Aria clutched the book to her chest, her breath hitching.

She wasn't alone.

Whoever this person was—whoever had written these confessions—they had once stood where she stood now. Voiceless. Doubted. But not broken.

Never broken.

And maybe, just maybe, neither was she.

Across the courtyard…

Kieran sat in his office, staring out the window. His thoughts drifted—again—to Aria. There was something different about her. He'd sensed it even before the bond had flickered to life.

He didn't understand it yet, but he knew power when he saw it. And something ancient hummed inside that girl.

He only hoped she didn't uncover it too fast.

Because if she did…

The world might not be ready.

And neither was he.

Aria sank into a small alcove hidden between two towering shelves, the journal resting in her lap. Around her, the library remained frozen in time—dusty, hushed, and forgotten by most. She felt like she had stepped into a sacred space, one not meant for prying eyes.

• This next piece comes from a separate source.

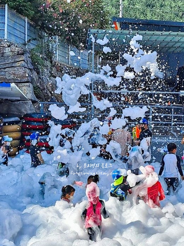 여름에 이곳을 강력 추천하고 싶은 이유는, ‘튭제 물놀이 풀파티’가 숲속 리조트처럼 펼쳐지기 때문이에요. 버블파티에 물썰매, 메기잡기까지—계곡 소리가 배경음악, 아이들 웃음소리가 축제의 리듬이었으니까요. 물썰매와 버블파티가 이어지는 세션은 ‘아이 천국’ 수준이고, 트램폴린과 모래놀이터 덕에 물놀이 후에도 체력 충전이 가능해요. 이곳에선 그저 쉬는 피서가 아니라, 자연 속에서 함께 뛰고 웃고, 몸도 마음도 풀리는 ‘여름판 파티’였다—라고 표현할 수 있을 것 같네요.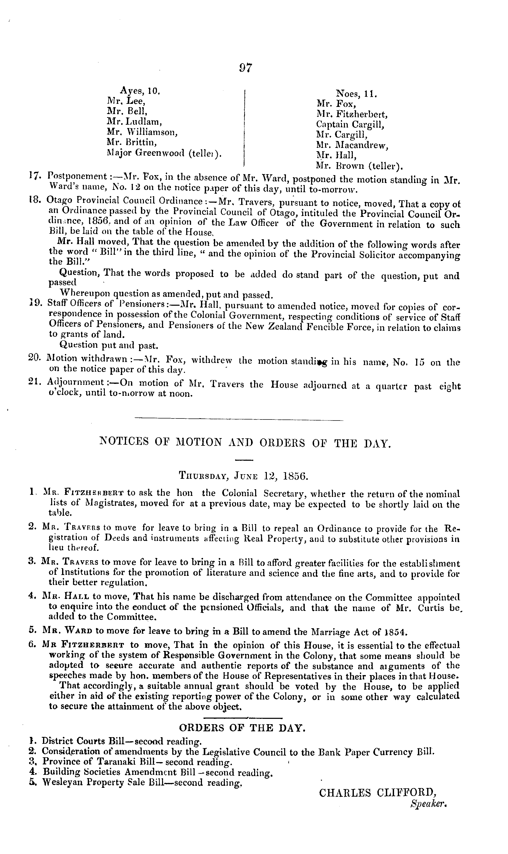 NOTICES OF MOTION ANI) ORDERS OF THE DAY. Thursday, June 12, 1856. 1. Mr. Fitzherbert to ask the lion the Colonial Secretary, whether the return of the nominal lists of Magistrates, moved for at a previous date, may be expected to be shortly laid on the table. 2. Mr. I ravf.rs to move for leave to bring in a Bill to repeal an Ordinance to provide for the Registration of Deeds and instruments affecting Real Property, and to substitute other provisions in lieu thereof. 3. Mr. f ravers to move for leave to bring in a Bill to afford greater facilities for the establishment of Institutions for the promotion of literature and science and the fine arts, and to provide for their better regulation. 4. Mr. llai.l to move, That his name be discharged from attendance on the Committee appointed to enquire into the eonduct of the pensioned Officials, and that the name of Mr. Curtis be, added to the Committee. 5. Mr. Ward to move for leave to bring in a Bill to amend the Marriage Act of 1854. 6. Mr Fitzherbert to move, That in the opinion of this House, it is essential to the effectual working of the system of Responsible Government in the Colony, that some means should be adopted to secure accurate and authentic reports of the substance and aiguments of the speeches made by hon. members of the House of Representatives in their places in that House. That accordingly, a suitable annual grant should be voted by the House, to be applied either in aid of the existing reporting power of the Colony, or in some other way calculated to secure the attainment of the above object.

She flipped through more pages, each revealing snippets of the unknown girl's life.

"The moon speaks to me. Not in words, but in pulses. I can feel it inside me—stirring, shifting. They said wolves without a voice couldn't shift. They lied."

Aria's breath hitched.

Was that true?

Could she…?

Her wolf had never responded the way others did. No howling presence in the back of her mind. No feral voice. But it existed. She could feel its dormant heat, like embers under her skin.

The entries grew more frantic.

"He warned me. The instructor. He saw what I was becoming and said it would destroy me. But he never feared me. Only what the others would do if they found out."

Aria's thoughts immediately flew to Kieran.

Could this be… about him?

No—it couldn't be. This journal looked ancient. The handwriting, though steady, had faded with time. But the similarity was too striking. Could another instructor, long ago, have shared something deeper with a girl like her?

She flipped to the final page.

Her throat tightened and she was anxious. A tear slid down her cheek before she could stop it.

For the first time in years, she didn't feel cursed. She felt… chosen.

That evening, long after most students had gone to their dorms, Aria remained in the library. She copied down the most important entries into her sketchbook, her hands moving swiftly, almost urgently. She needed this connection—this proof that her silence had purpose. That she wasn't broken.

She turned the journal over, inspecting the back cover. A faint engraving shimmered under the candlelight—barely visible, almost erased by time.

It was a symbol.

A crescent moon wrapped around a flame.

Something about it made her pulse quicken.

She had seen that symbol before—on one of the academy's restricted corridor doors.

Why would a forgotten journal share a mark with something locked behind wards and secrecy?

She traced the edge of the symbol with her fingertip, her thoughts swirling. There was a story buried here. One that connected her to the academy in ways no one had explained.

And now, she was determined to uncover it.

Meanwhile, in Kieran's office…

The candle on his desk flickered. He looked up, sensing the shift again.

Aria.

His wolf stirred, restless. A low hum buzzed beneath his skin. The bond was growing stronger—faster than it should.

He leaned back in his chair, eyes narrowing as he reached for the old academy ledger. He flipped to a page marked with a ribbon and scanned the names of past students, searching.

Then he stopped.

There it was. A name he hadn't heard in years.

Elara Wryn.

He exhaled slowly.

So that's where Aria got it.

Back in the library, Aria closed the journal and stood, cradling it carefully in her arms. She'd return it—she had to—but not before she read every word. Not before she learned who Elara had been. And not before she figured out why her name had been erased from history.

The silence wasn't empty anymore.

It was full of secrets.

And now, it was time she learned to listen.